### TASK REQUIREMENTS
Return an exact copy of the lines from the one holding "市債の現在高です。学校建設や" to the end of the data, including both the starting and final lines. Leave the pictures out.

### DATA SECTION
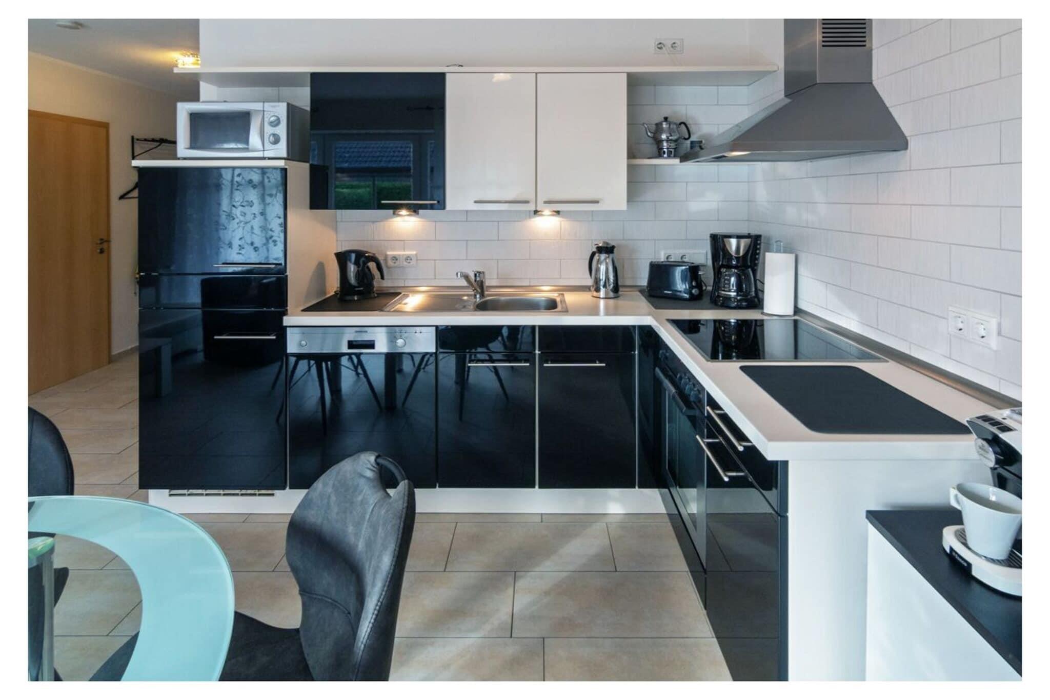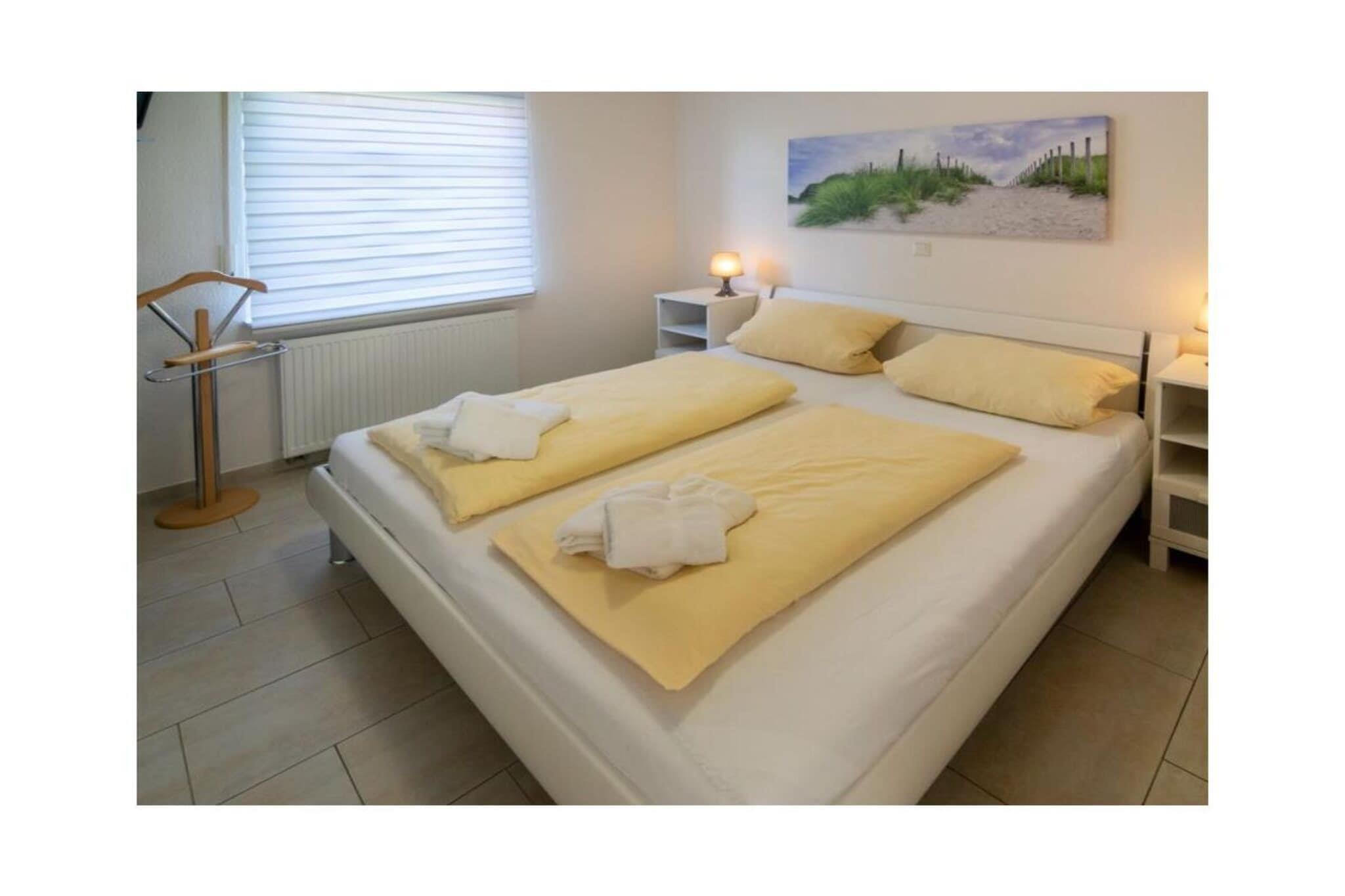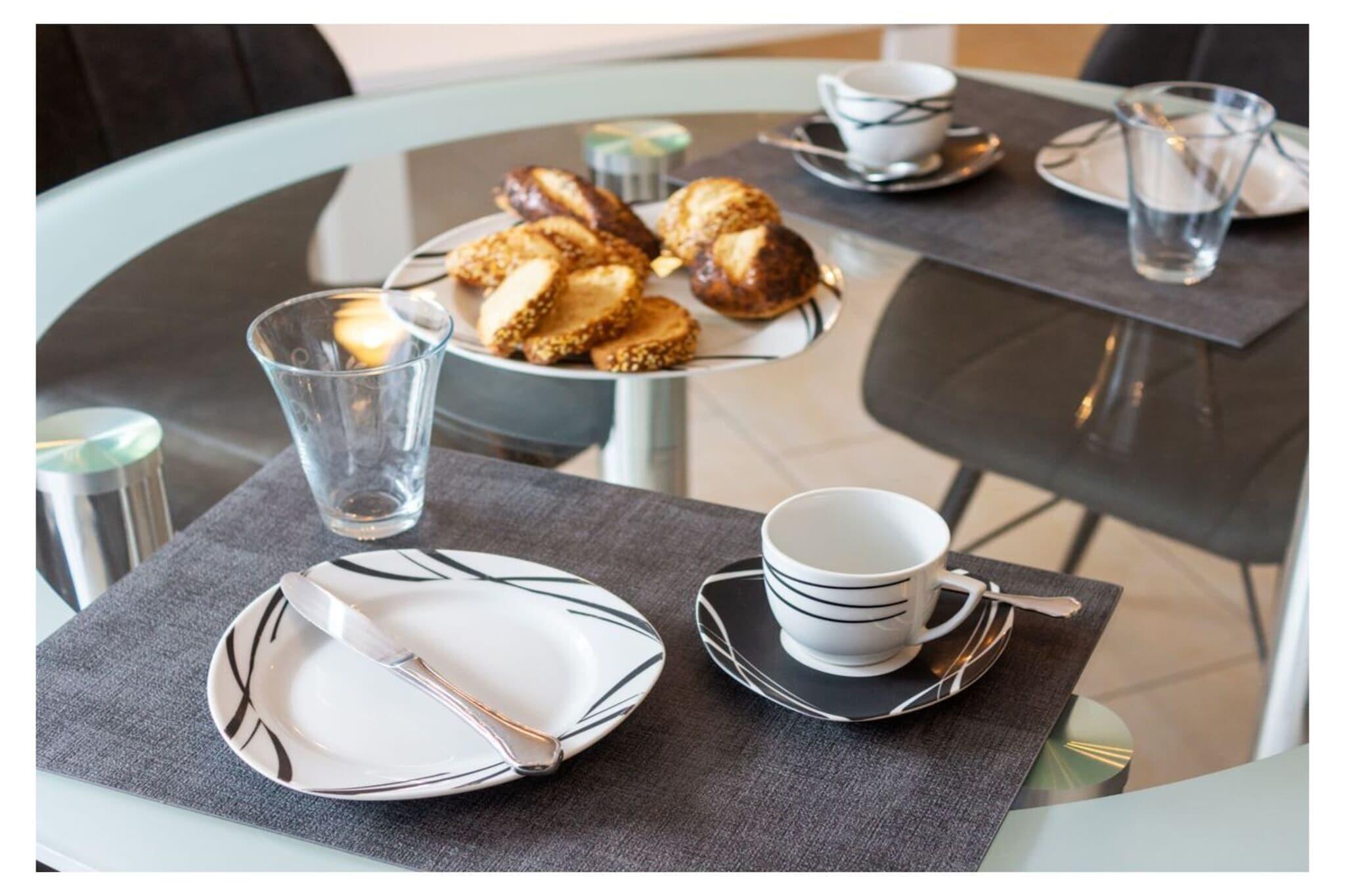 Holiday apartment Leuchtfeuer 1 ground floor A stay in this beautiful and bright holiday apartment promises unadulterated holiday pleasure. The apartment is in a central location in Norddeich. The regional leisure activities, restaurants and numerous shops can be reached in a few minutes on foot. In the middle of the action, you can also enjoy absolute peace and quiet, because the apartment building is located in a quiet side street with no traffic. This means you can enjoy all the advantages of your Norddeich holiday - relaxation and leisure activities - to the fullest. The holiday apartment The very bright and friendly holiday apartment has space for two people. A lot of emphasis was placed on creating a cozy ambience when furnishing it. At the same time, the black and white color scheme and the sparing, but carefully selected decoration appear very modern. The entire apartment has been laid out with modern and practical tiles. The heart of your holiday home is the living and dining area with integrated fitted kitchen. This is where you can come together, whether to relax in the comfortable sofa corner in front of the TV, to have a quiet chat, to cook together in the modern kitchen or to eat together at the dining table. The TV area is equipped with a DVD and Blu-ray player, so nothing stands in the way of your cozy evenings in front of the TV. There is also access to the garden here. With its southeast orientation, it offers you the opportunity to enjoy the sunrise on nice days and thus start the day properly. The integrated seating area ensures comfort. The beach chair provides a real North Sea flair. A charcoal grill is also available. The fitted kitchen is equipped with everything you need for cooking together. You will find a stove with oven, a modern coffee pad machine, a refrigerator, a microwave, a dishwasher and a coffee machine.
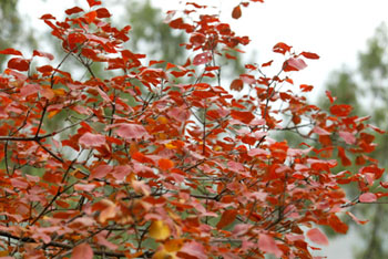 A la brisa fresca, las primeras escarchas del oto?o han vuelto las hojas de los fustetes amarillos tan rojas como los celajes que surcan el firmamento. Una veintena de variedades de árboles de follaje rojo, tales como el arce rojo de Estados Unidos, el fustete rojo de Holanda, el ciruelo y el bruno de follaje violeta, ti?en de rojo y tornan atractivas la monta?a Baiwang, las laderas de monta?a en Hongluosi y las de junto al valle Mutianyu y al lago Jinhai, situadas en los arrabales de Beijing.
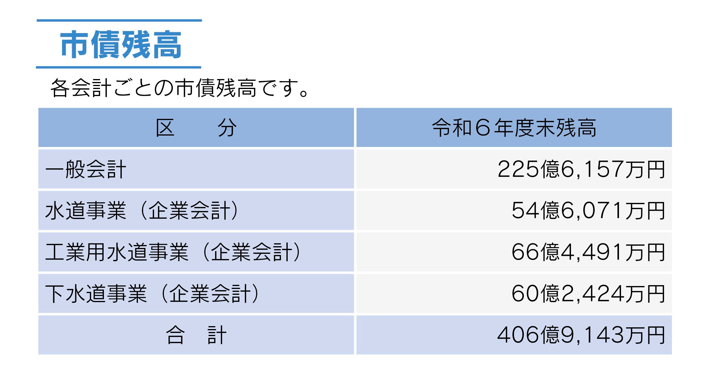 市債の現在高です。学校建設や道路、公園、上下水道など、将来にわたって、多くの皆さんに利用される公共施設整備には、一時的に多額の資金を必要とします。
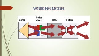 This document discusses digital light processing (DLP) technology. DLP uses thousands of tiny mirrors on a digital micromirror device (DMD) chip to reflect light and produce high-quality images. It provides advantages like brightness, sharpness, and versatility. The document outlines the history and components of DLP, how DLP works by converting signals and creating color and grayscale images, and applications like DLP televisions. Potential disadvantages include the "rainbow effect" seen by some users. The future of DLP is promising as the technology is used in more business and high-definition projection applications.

### FINISHED TASK
 市債の現在高です。学校建設や道路、公園、上下水道など、将来にわたって、多くの皆さんに利用される公共施設整備には、一時的に多額の資金を必要とします。
 This document discusses digital light processing (DLP) technology. DLP uses thousands of tiny mirrors on a digital micromirror device (DMD) chip to reflect light and produce high-quality images. It provides advantages like brightness, sharpness, and versatility. The document outlines the history and components of DLP, how DLP works by converting signals and creating color and grayscale images, and applications like DLP televisions. Potential disadvantages include the "rainbow effect" seen by some users. The future of DLP is promising as the technology is used in more business and high-definition projection applications.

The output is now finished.